In the previous article, you designed a video streaming service. Now let us design a file storage and sync system like Google Drive, Dropbox, or OneDrive.

File storage systems are complex because they need to sync files across multiple devices, handle conflicts, and deduplicate data. Let us break it down.

Step 1: Requirements

Functional Requirements

  1. Upload and download files
  2. Sync files across devices (desktop, mobile, web)
  3. Share files and folders with other users
  4. File versioning (view and restore previous versions)
  5. Offline access (work offline, sync when reconnected)

Non-Functional Requirements

  1. High reliability — files must never be lost
  2. Fast sync — changes appear on other devices within seconds
  3. Low bandwidth usage — only transfer changed parts of files
  4. Support 500 million users with 100 million daily active users

Step 2: Estimation

Users: 500M total, 100M DAU

Storage:
  Average files per user: 500 files
  Average file size: 500 KB
  Total files: 250 billion files
  Total storage: 500M users * 500 files * 500 KB = 125 PB

Daily activity:
  File uploads/edits: 200M per day
  File downloads: 500M per day
  File syncs: 1 billion per day (across devices)

Upload bandwidth:
  200M uploads/day * average 200 KB change = 40 TB/day upload
  40 TB / 86,400 = ~460 MB/sec average upload

Metadata:
  Each file: ~200 bytes of metadata (name, size, hash, version, path)
  250 billion files * 200 bytes = 50 TB of metadata

Step 3: Block Storage — The Key Insight

Instead of storing files as single blobs, split them into fixed-size blocks (typically 4 MB).
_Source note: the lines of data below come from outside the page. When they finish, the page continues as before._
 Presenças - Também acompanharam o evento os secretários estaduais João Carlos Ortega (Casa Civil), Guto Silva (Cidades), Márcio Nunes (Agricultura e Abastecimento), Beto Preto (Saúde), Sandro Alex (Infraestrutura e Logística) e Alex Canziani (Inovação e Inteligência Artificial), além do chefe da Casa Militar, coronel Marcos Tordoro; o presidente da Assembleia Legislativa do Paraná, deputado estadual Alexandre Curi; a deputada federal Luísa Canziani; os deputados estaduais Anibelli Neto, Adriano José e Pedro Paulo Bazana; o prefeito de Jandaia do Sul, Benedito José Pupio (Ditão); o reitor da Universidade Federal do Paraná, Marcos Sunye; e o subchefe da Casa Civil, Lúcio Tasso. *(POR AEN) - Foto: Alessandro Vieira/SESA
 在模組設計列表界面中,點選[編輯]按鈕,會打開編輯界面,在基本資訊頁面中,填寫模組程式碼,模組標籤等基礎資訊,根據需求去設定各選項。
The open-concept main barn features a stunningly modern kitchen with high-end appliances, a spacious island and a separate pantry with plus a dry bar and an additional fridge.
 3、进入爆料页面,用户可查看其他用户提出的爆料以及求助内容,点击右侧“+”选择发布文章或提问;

This is the foundation of how Dropbox and Google Drive work.

Block Storage:

  File: report.pdf (12 MB)

  Without blocks:
    Store as one 12 MB blob.
    If 1 byte changes, re-upload the entire 12 MB.

  With blocks (4 MB each):
    Block 1: bytes 0 to 4MB        hash: abc123
    Block 2: bytes 4MB to 8MB      hash: def456
    Block 3: bytes 8MB to 12MB     hash: ghi789

    File metadata: [abc123, def456, ghi789]
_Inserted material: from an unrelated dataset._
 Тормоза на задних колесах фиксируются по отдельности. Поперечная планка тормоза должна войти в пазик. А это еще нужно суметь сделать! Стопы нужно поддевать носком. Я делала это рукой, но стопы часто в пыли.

    If bytes in Block 2 change:
    Block 1: unchanged             hash: abc123 (skip upload)
    Block 2: changed               hash: xyz999 (upload only this block)
    Block 3: unchanged             hash: ghi789 (skip upload)
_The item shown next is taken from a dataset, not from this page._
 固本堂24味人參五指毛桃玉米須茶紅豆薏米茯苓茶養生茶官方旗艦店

    Upload: 4 MB instead of 12 MB (67% bandwidth savings)

Why 4 MB Blocks?

Block Size Trade-offs:

  Small blocks (64 KB):
    + More granular sync (upload only tiny changes)
    + Better deduplication
    - More metadata overhead (more block references per file)
    - More HTTP requests for upload/download

  Large blocks (16 MB):
    + Fewer metadata entries
    + Fewer HTTP requests
    - Less granular sync (upload 16 MB for a 1-byte change)
    - Worse deduplication

  4 MB (Dropbox's choice):
    Good balance between sync granularity and metadata overhead.
    Most file edits modify less than 4 MB.
    One HTTP request per block is manageable.

Step 4: Deduplication

Content-based deduplication saves storage by storing identical blocks only once.

Deduplication:

  Alex uploads photo.jpg (8 MB):
    Block A1: hash = abc123
    Block A2: hash = def456

  Sam uploads the same photo.jpg:
    Block S1: hash = abc123  --> already exists! Skip storage.
    Block S2: hash = def456  --> already exists! Skip storage.

  Storage used: 8 MB (not 16 MB)
  Both users' file metadata points to the same blocks.

  How it works:
    1. Client computes SHA-256 hash of each block
    2. Client asks server: "Do you have block abc123?"
    3. Server: "Yes" --> skip upload
    4. Server: "No"  --> upload the block

  Deduplication ratio (real-world):
    Across all users: 30-50% storage savings
    Within one user (file versions): 80-90% savings
    Corporate environments (shared files): 60-70% savings

Step 5: File Sync Engine

The sync engine detects local changes and synchronizes them with the server.

Detecting Changes

Change Detection:

  Desktop Client:
    1. Use filesystem watcher (inotify on Linux, FSEvents on macOS)
       Detects: file created, modified, deleted, moved
    2. When a change is detected:
       a. Compute block hashes for the changed file
       b. Compare with stored block hashes
       c. Upload only the changed blocks

  Mobile/Web Client:
    No filesystem watcher.
    Use manual sync or periodic polling.

  Server-Side Change Notification:
    1. When server receives a file update from Device A
    2. Server sends notification to all other devices of the same user
    3. Notification methods:
       - WebSocket (if connected): instant notification
       - Long polling: client holds open connection
       - Push notification (mobile): APNs/FCM
    4. Device B receives notification: "file X changed"
    5. Device B downloads only the changed blocks

Sync Flow

Sync Flow (Alex edits a file on laptop):

  1. Alex edits report.pdf on laptop
  2. Laptop's filesystem watcher detects the change
  3. Sync engine computes new block hashes:
     Block 1: abc123 (unchanged)
     Block 2: xyz999 (CHANGED)
     Block 3: ghi789 (unchanged)
  4. Upload Block 2 (xyz999) to block storage
  5. Update file metadata:
     version 2: [abc123, xyz999, ghi789]
  6. Server notifies Alex's desktop and phone: "report.pdf v2 available"
  7. Desktop downloads Block 2 (xyz999)
  8. Phone downloads Block 2 (xyz999) when on Wi-Fi

  [Laptop] --changed blocks--> [Block Storage]
                |
           [Update Metadata]
                |
           [Notify Devices]
              /        \
  [Desktop: sync]   [Phone: sync when ready]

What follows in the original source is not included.